This downloads and installs the Tika App jar (~60 MB) into a user directory, and verifies the integrity of the file using a checksum. The default settings should work fine.

install_tika(version = "1.22",
  digest = paste0("64975d79211bc5c37f866abb2f4077687eff55b7615",
  "67f7ad0b36a221a2ae3457b748fac9b288a31a641f3",
  "7dfc8679260413f972b5b60cf6deb6721329cad001"),
  mirrors = c("http://mirrors.ocf.berkeley.edu/apache/tika/",
  "http://apache.cs.utah.edu/tika/",
  "http://mirror.cc.columbia.edu/pub/software/apache/tika/"),
  retries = 2, url = character())

Arguments

version

The declared Tika version

digest

The sha15 checksum. Set to an empty string "" to skip the check.

mirrors

A vector of Apache mirror sites. One is picked randomly.

retries

The number of times to try the download.

url

Optional url to a particular location of the tika app. Setting this to any character string overrides downloading from random mirrors.

Value

Logical if the installation was successful.

Details

The default settings of install_tika() should typically be left as they are.

This function will download the version of the Tika jar tested to work with this package, and can verify file integrity using a checksum.

It will normally download from a random Apache mirror. If the mirror fails, it tries the archive at http://archive.apache.org/dist/tika/. You can also enter a value for url directly to override this.

It will download into a directory determined by the rappdirs::user_data_dir() function, specific to the operating system.

If tika() is stopping with an error compalining about the jar, try running install_tika() again.

Uninstalling

If you are uninstalling the entire rtika package and want to remove the Tika App jar also, run:

unlink(rappdirs::user_data_dir('rtika'), recursive = TRUE)

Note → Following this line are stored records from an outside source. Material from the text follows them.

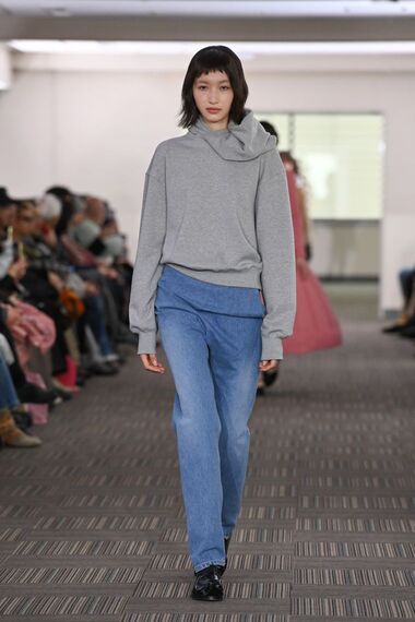 スウェットのフーディーはフードが横にずれて肩に乗っている。下に合わせるデニムパンツは、ディテールがそぎ落とされてフロントがたわむ。ごく普通のアイテムなのに、ピリングスと分かる造形の一貫性が光る。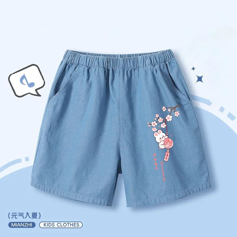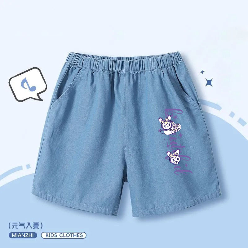 아동용 바지, 여름용 얇은 스타일, 아이스 실크 데님 여아용 반바지, 중대형 아동용 가볍고 스포티한 다용도 5부 바지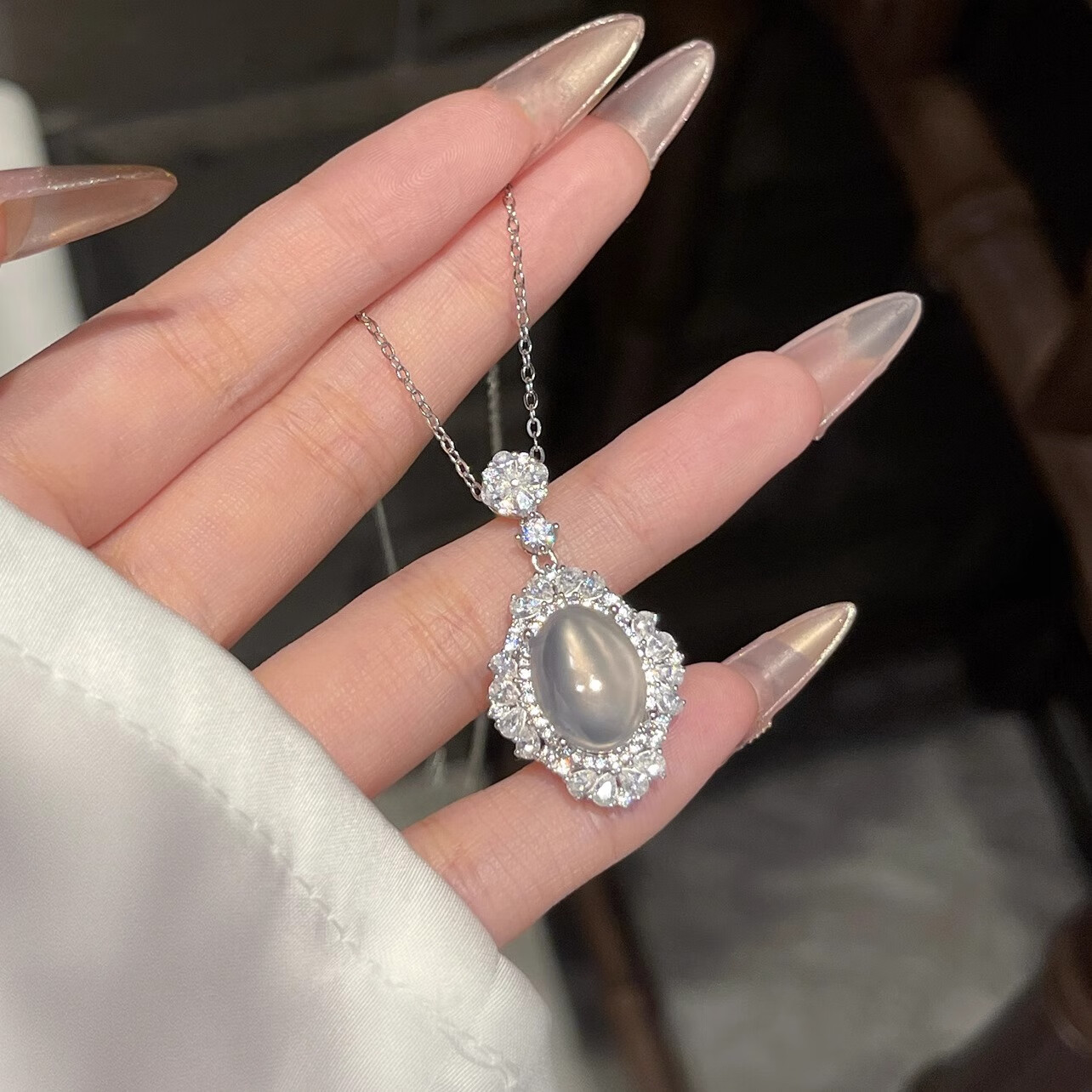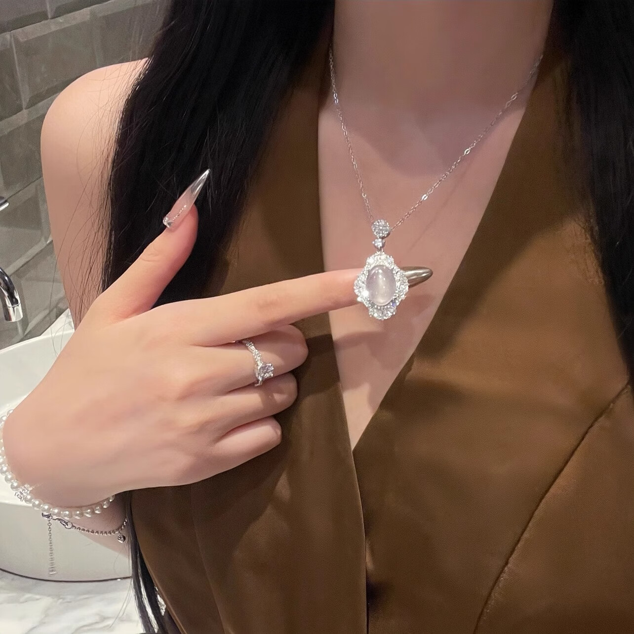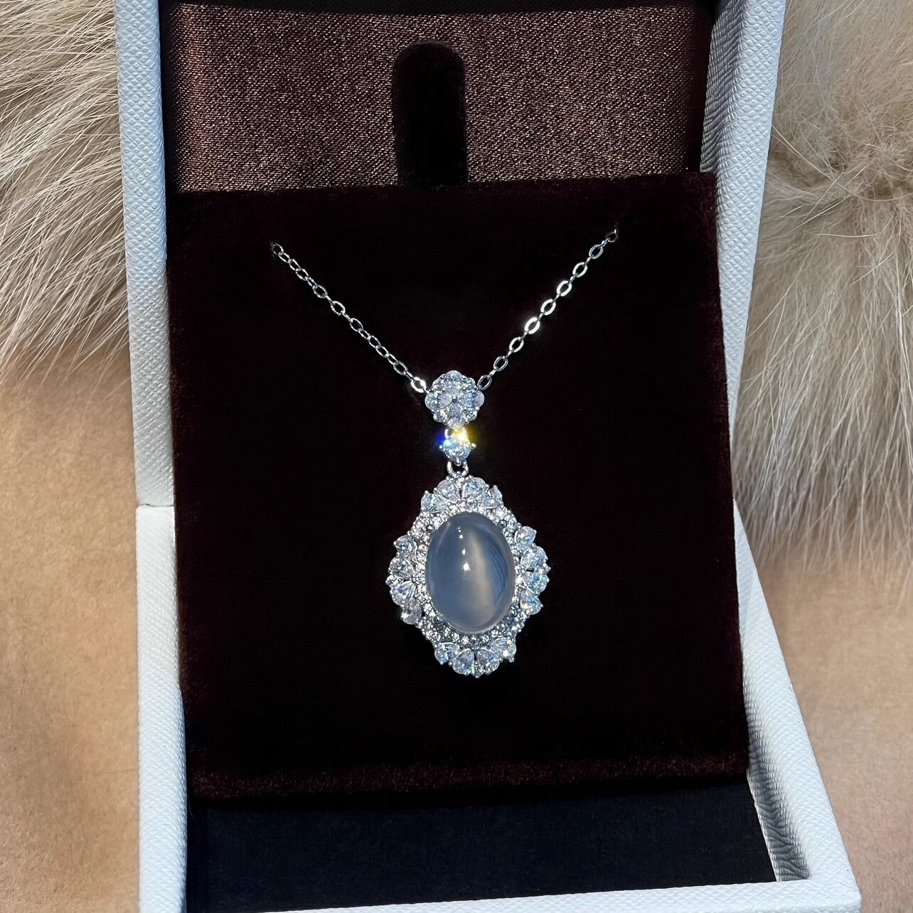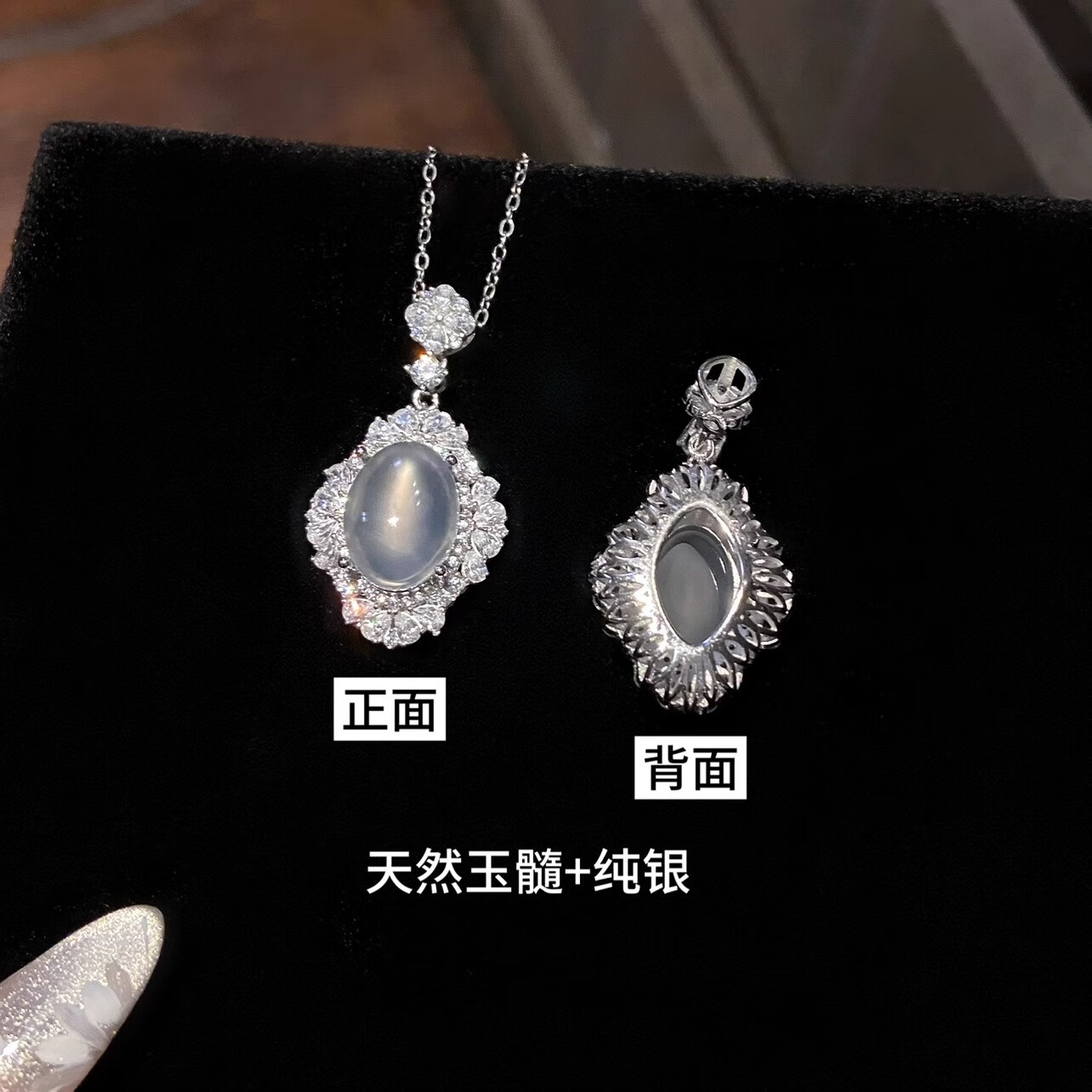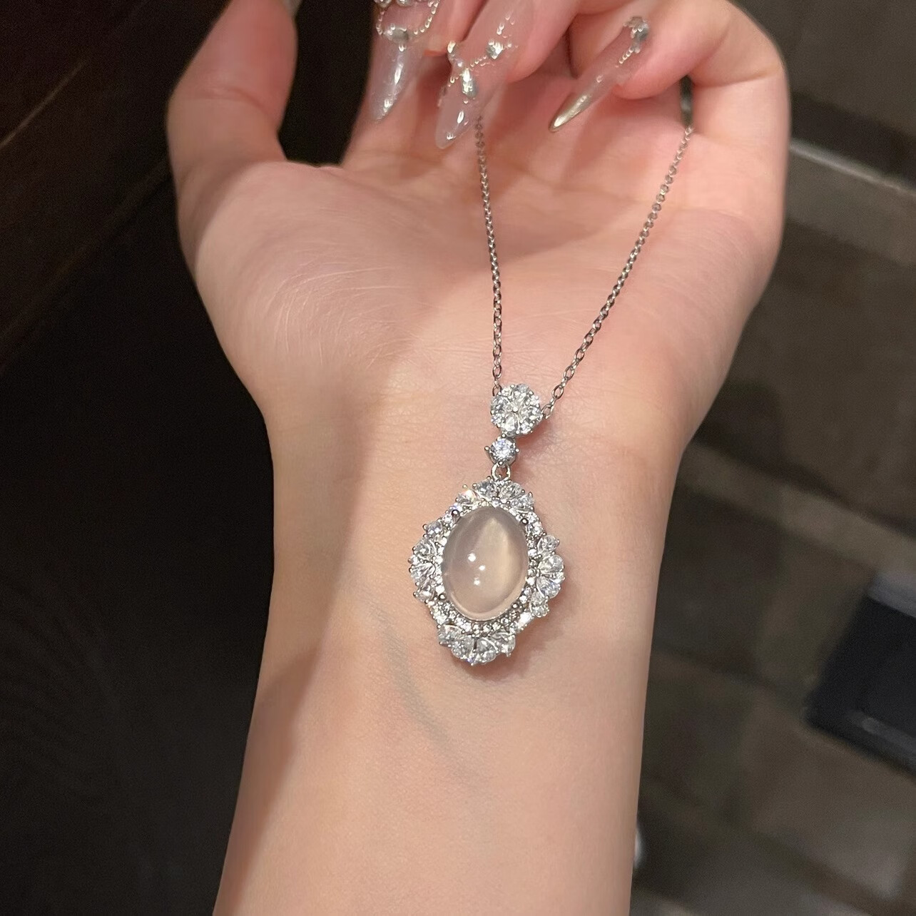 Yijin Gao Bing Chalcedony Pendant Necklace Women's New Chinese Style Necklace S925 Sterling Silver Popular Necklace Clavicle Chain as a Gift for Girlfriend Gao Bing Chalcedony Pure Silver Necklace Quality Gift Box

Alternately, navigate to the install folder and delete it manually. It is the file path returned by rappdirs::user_data_dir('rtika'). The path is OS specific, and explained here: https://github.com/r-lib/rappdirs .

Distribution

Tika is distributed under the Apache License Version 2.0, which generally permits distribution of the code "Object" without the "Source". The master copy of the Apache Tika source code is held in GIT. You can fetch (clone) the large source from GitHub ( https://github.com/apache/tika ).

Examples

install_tika()
#> Downloading the Tika App .jar version 1.22 into "/Users/sasha/Library/Application Support/rtika". The file is approximately 60 MB - this may take a while.
#> The download is successful.
#> The file integrity is good.
#> The installation is successful.